Aim of the task. Retype the data below exactly, skipping pictures.

Recorded information.
+++++

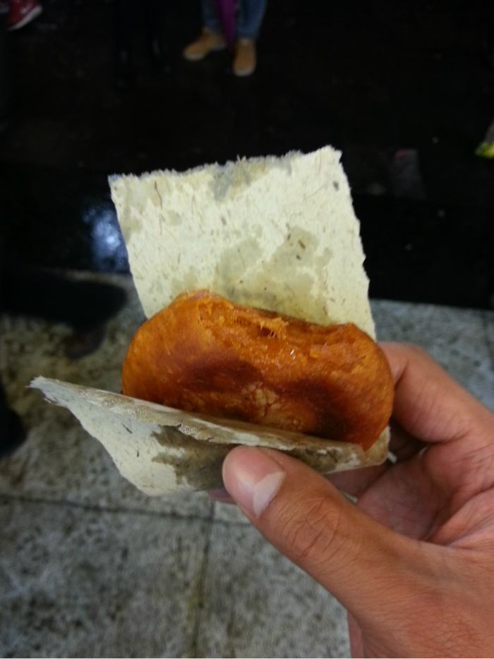 勉强吃了一个这个,柿子饼,油炸的,好多都是卖这个的,里面的馅太甜,不是很喜欢。
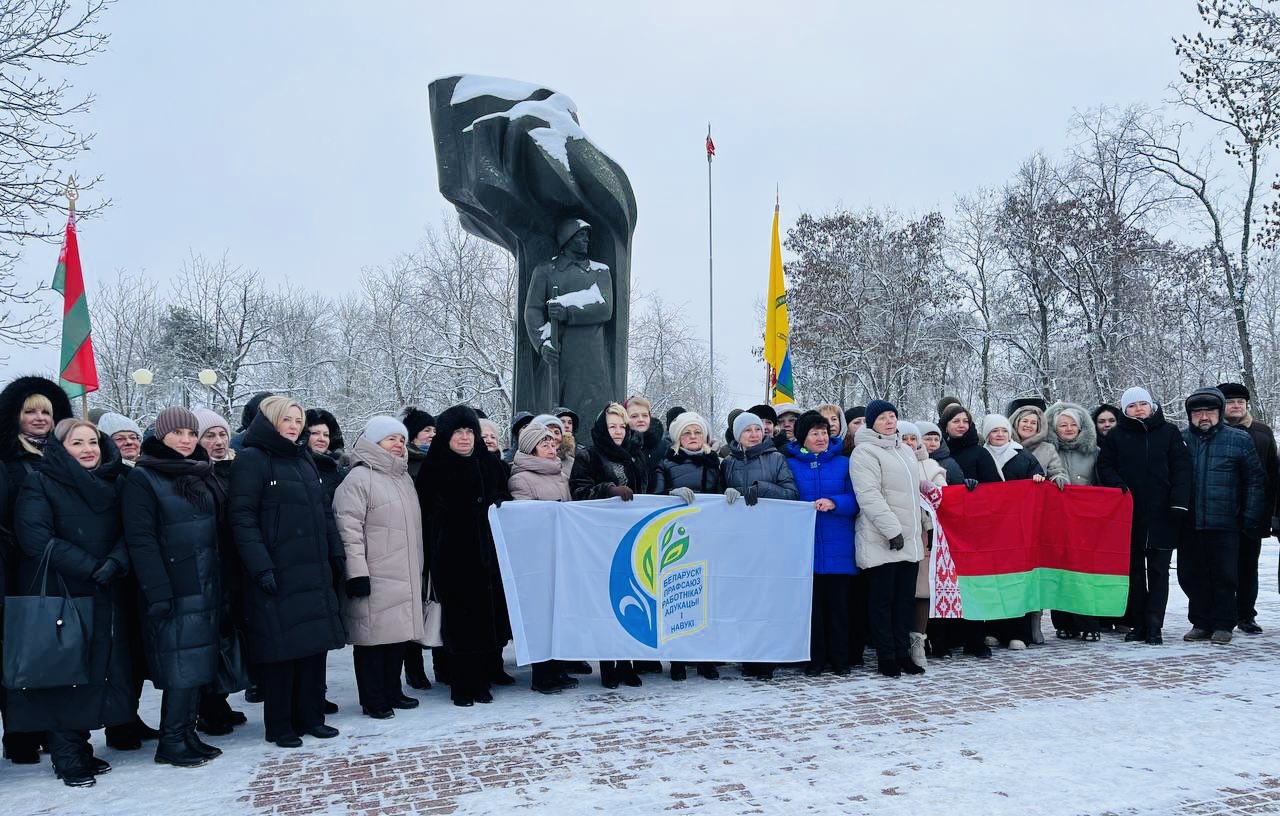 Сегодня в Рогачеве собрались лидеры районных организаций Профсоюза, первичных профсоюзных организаций ВУЗов, а также члены областного Совета ветеранов. Рабочий день начался у Братской могилы воинов Красной Армии, погибших во время освобождения города Рогачева. И мороз не помешал участникам встречи склонить головы в память о погибших и возложить цветы к мемориалу.
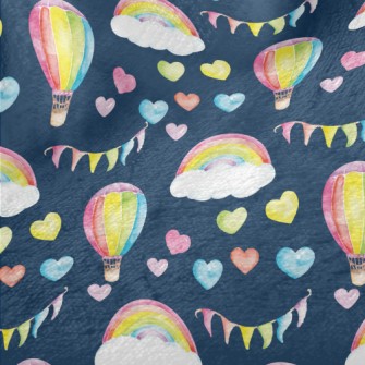 水彩心和熱氣球竹節麻(幅寬150公分)

+++++

Response to the task.
 勉强吃了一个这个,柿子饼,油炸的,好多都是卖这个的,里面的馅太甜,不是很喜欢。
 Сегодня в Рогачеве собрались лидеры районных организаций Профсоюза, первичных профсоюзных организаций ВУЗов, а также члены областного Совета ветеранов. Рабочий день начался у Братской могилы воинов Красной Армии, погибших во время освобождения города Рогачева. И мороз не помешал участникам встречи склонить головы в память о погибших и возложить цветы к мемориалу.
 水彩心和熱氣球竹節麻(幅寬150公分)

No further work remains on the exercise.